As 9NEWS’ Kyle Clark reports, after edging out the insider favorite Sen. Barb Kirkmeyer in the Republican gubernatorial primary, “high-risk missionary” and Cajun Karate sensei Victor Marx is hoping to mend fences the way regular people do, reaching out after the Republican Party’s fierce internal feud over his candidacy and…demanding signatures on a loyalty pledge:
9NEWS obtained a “Republican General Election Unity Compact” being circulated by Marx’s team. It’s being sent to Republican candidates for federal, state and local office. It asks them to indicate if they support Marx and whether they’re willing to say so publicly.
It says, “We ask participating campaigns to avoid unnecessary public attacks on fellow nominees,” with a check box on whether candidates agree to Marx’s terms.
It also asks whether fellow Republicans are willing to “strengthen the broader ticket” through a series of steps. The first step: “Public support for Victor Marx.”

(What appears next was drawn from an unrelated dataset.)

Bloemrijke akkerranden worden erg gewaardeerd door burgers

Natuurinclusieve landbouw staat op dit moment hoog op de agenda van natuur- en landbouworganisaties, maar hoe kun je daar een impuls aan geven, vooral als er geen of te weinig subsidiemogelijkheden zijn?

“Public support for Victor Marx” is the thing he needs most, and although Rep. Gabe Evans was astonishingly quick to throw his support behind Marx, neither of his vanquished opponents in the Republican primary for governor are expected to follow suit. Rep. Lauren Boebert, who helped launch Marx’s campaign, scaled back her support long before the primary as the questions about Marx’s highly questionable alleged background of international murder and mayhem began to accumulate.

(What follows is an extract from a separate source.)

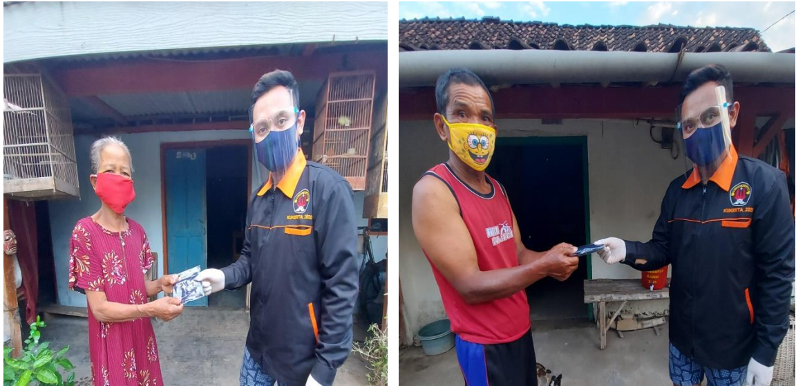
Gambar 3. Pelatihan pembagian masker gratis dan penggunaan masker

Marx’s foremost AM radio cheerleader Jeff Hunt is nonetheless hopping mad at 9NEWS’ characterization of the loyalty pledge as, well, the thing that it is:
KYLE CLARK IS A LIAR.
The claim that Victor Marx is circulating a loyalty pledge to other republican candidates is a gross mischaracterization. It’s a campaign coordination framework document. How are campaigns going to work together? In fact, neither the word loyalty nor the word pledge appears in the document.
And technically, Jeff Hunt is right: it’s a “unity compact,” not a “loyalty pledge.” We stand corrected on this distinction sans difference.
Given the tremendous uncertainty among Republicans today about whether to get behind Marx’s campaign, even if only to prop up the ticket for the sake of downballot races, it makes sense that Marx would want to find out one and for all who is with him. Unfortunately for Marx, a loyalty pledge form is not a substitute for the relationship-building that results in the actual support that Kirkmeyer would have enjoyed. Given Marx’s tenuous standing, holding a nomination he won by inertia after his campaign became a national laughingstock, this ham-handed effort is most likely to have the opposite of the desired effect.
As it turns out, there’s more to running for governor than being really good at snatching guns out of people’s hands.